| INPUT DATA |
=-=-=-=-=
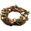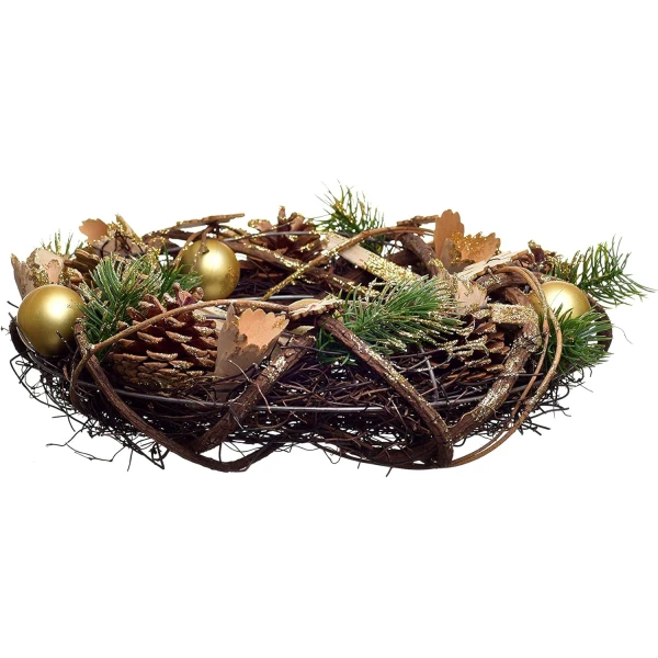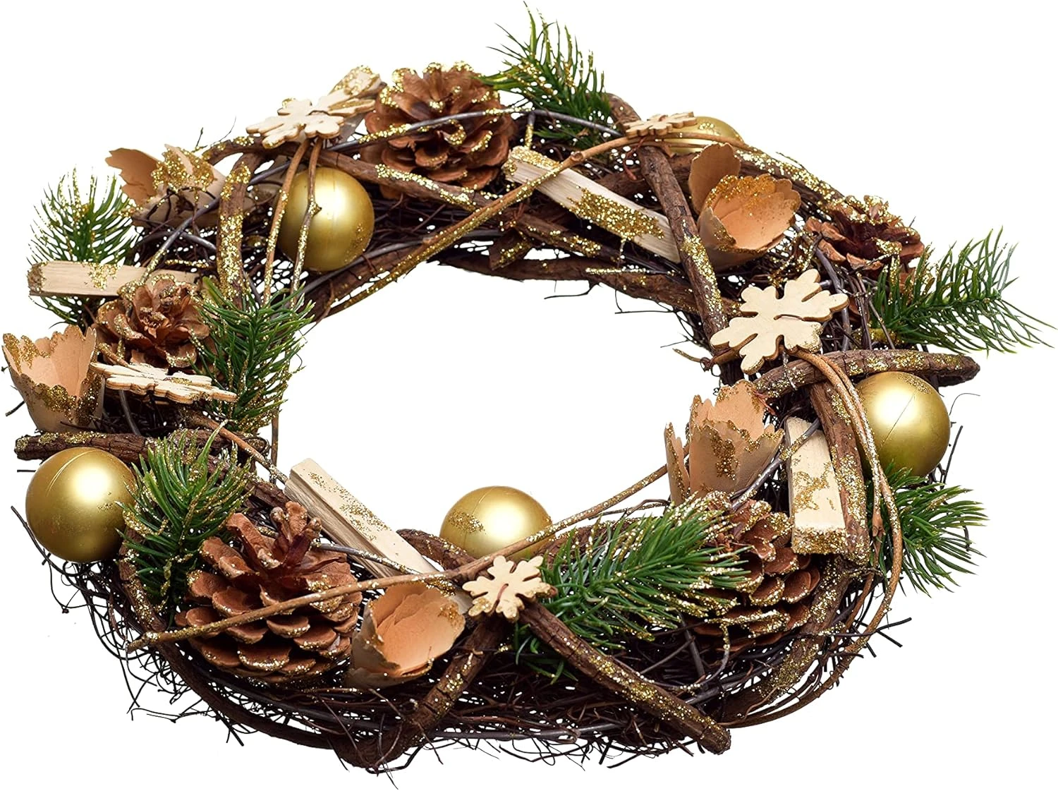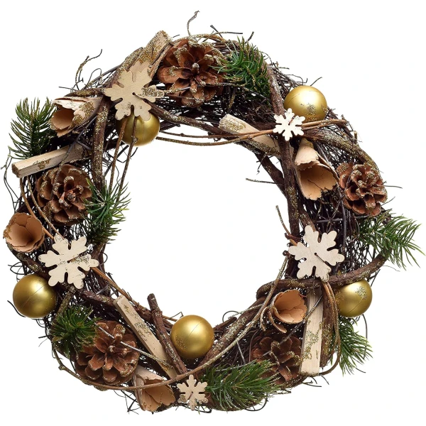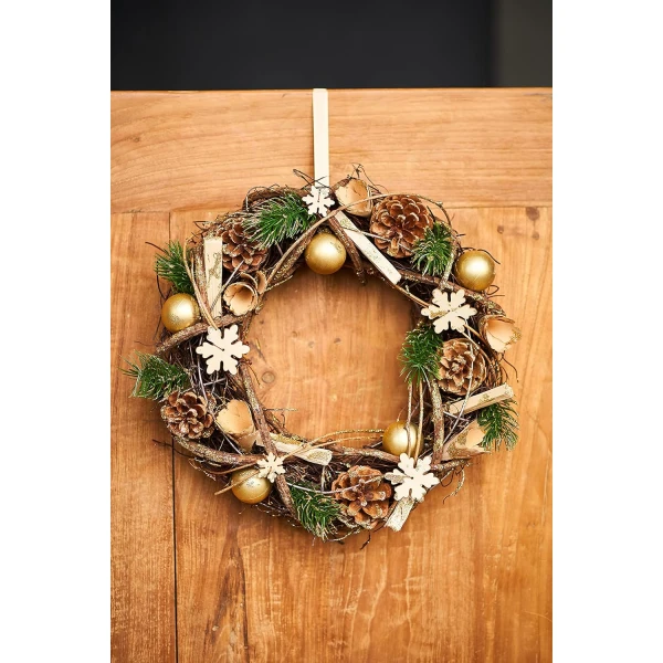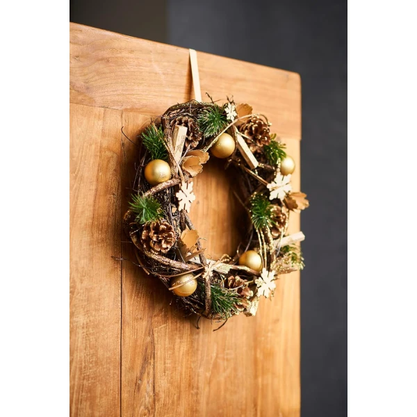 Modern: de krans is gemaakt van takken. De takken zijn bruin, versierd met gouden ballen en gouden glinsterende highlights, die als blikvanger zijn verwerkt, een mooie welkomstmaat als je de deurkrans buiten op je toegangsdeur plaatst.
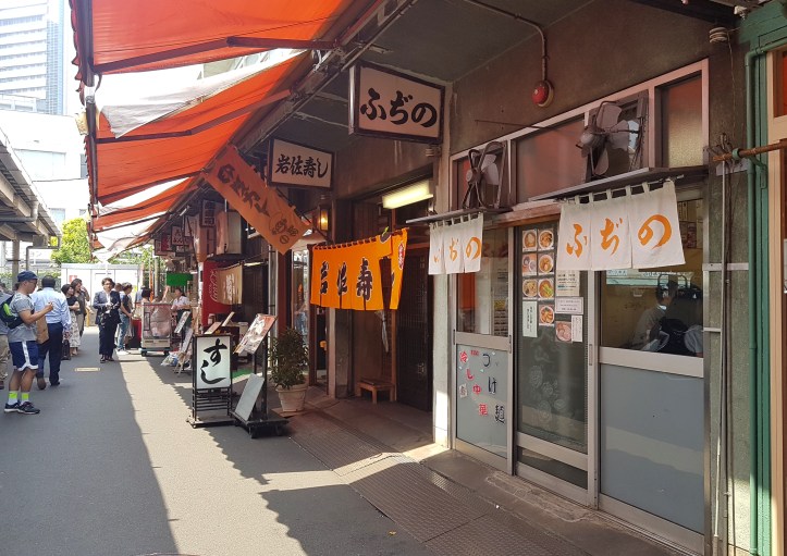 - Mercado de Peixes Tsukiji – quando li sobre Tóquio, um dos principais destaques era o mercado de peixe, famoso pelos leilões de pescado. Por isso não queria sair de lá sem conhecê-lo, mas não conseguimos ir no horário principal, que é de madrugada. Já estava tarde, mas arriscamos mesmo assim. Chegamos quando estava tudo fechando e só deu para ver a a parte do atacado, mas só tinham os caminhões e os trabalhadores, os produtos não estavam mais ali. Dei uma olhada nos restaurantes para comer sushi, mas além de não ter muito tempo, achei tudo muito caro. A indicação de restaurante que tinha, era na parte externa do mercado que já estava fechada. Depois descobri que eles estavam mudando o mercado para um novo endereço. Mais um motivo para voltar a Tóquio!
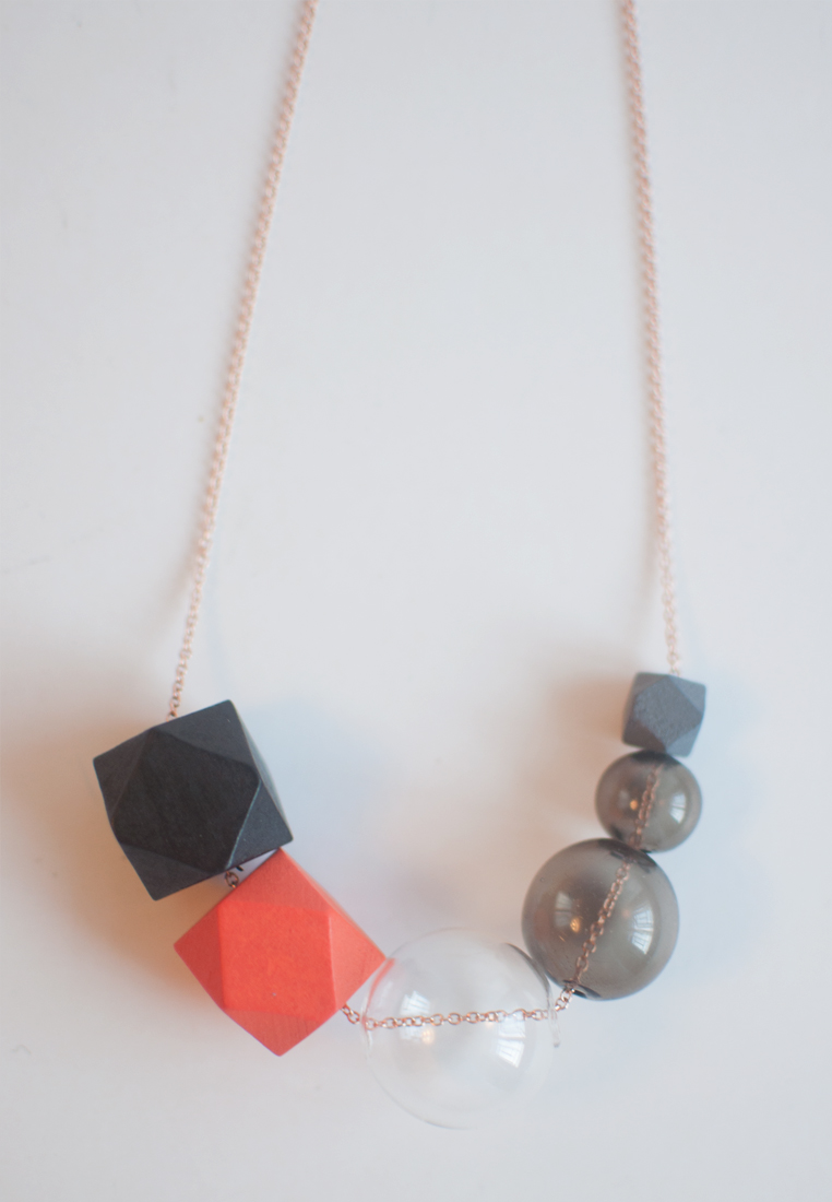 A stylish handcrafted glass necklace offers an impressive style with different shapes of wood beads.
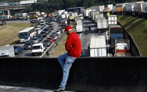 | Grève nationale des camionneurs sur la route Regis Bittencourt à 30 km de São Paulo et lancée en protestation contre la hausse des prix du diesel, le 24 mai. |
=-=-=-=-=
| WORK INSTRUCTIONS |
Skip every picture and retype only the lines from the line with "A stylish handcrafted" through the last line of the listing, both ends included, exactly as they appear.

| RESULT BELOW |
 A stylish handcrafted glass necklace offers an impressive style with different shapes of wood beads.
 | Grève nationale des camionneurs sur la route Regis Bittencourt à 30 km de São Paulo et lancée en protestation contre la hausse des prix du diesel, le 24 mai. |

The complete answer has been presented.